_Data under study_
= = = =

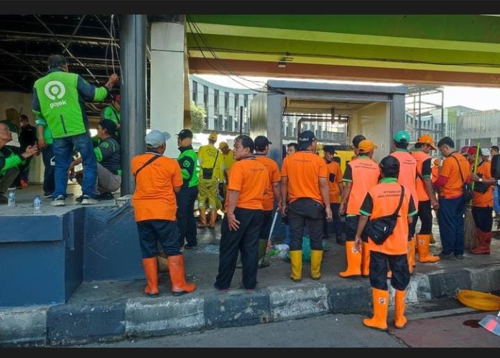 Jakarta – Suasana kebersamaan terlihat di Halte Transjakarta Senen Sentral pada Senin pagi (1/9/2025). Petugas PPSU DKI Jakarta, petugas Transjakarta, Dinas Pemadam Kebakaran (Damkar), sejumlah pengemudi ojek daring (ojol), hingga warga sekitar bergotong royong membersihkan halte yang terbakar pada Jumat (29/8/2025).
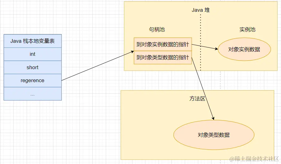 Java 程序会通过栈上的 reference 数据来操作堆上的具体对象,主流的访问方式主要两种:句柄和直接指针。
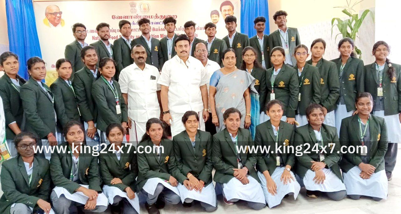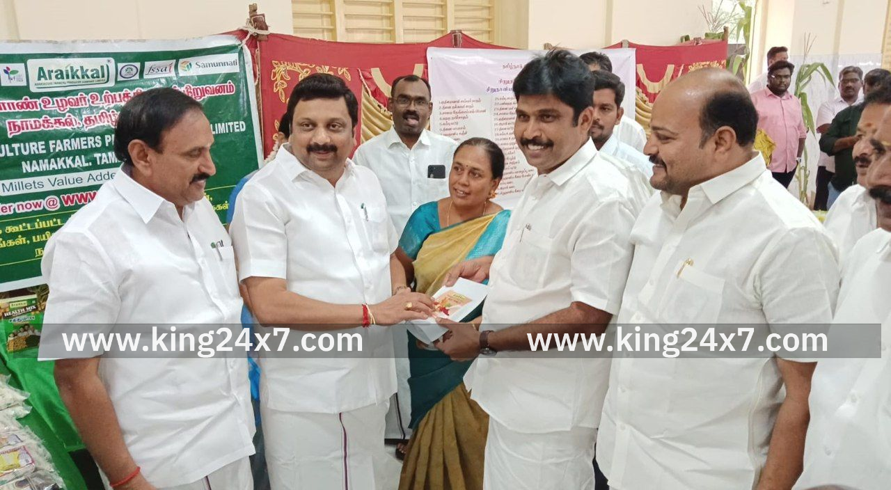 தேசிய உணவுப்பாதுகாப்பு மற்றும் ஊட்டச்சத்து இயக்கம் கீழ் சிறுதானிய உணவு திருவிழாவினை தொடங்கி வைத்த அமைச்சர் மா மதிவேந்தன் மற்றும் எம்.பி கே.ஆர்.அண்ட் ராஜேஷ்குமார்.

= = = =

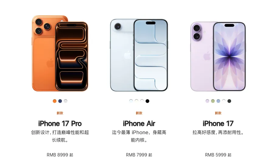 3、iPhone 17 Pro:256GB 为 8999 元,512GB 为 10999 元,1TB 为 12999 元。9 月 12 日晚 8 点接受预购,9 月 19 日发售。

= = = =

When you reach the line containing "Jakarta – Suasana" in the entries above, begin restating word for word, and stop once the line containing "தேசிய உணவுப்பாதுகாப்பு மற்றும்" has been given. Omit the pictures.

_Task response_
 Jakarta – Suasana kebersamaan terlihat di Halte Transjakarta Senen Sentral pada Senin pagi (1/9/2025). Petugas PPSU DKI Jakarta, petugas Transjakarta, Dinas Pemadam Kebakaran (Damkar), sejumlah pengemudi ojek daring (ojol), hingga warga sekitar bergotong royong membersihkan halte yang terbakar pada Jumat (29/8/2025).
 Java 程序会通过栈上的 reference 数据来操作堆上的具体对象,主流的访问方式主要两种:句柄和直接指针。
 தேசிய உணவுப்பாதுகாப்பு மற்றும் ஊட்டச்சத்து இயக்கம் கீழ் சிறுதானிய உணவு திருவிழாவினை தொடங்கி வைத்த அமைச்சர் மா மதிவேந்தன் மற்றும் எம்.பி கே.ஆர்.அண்ட் ராஜேஷ்குமார்.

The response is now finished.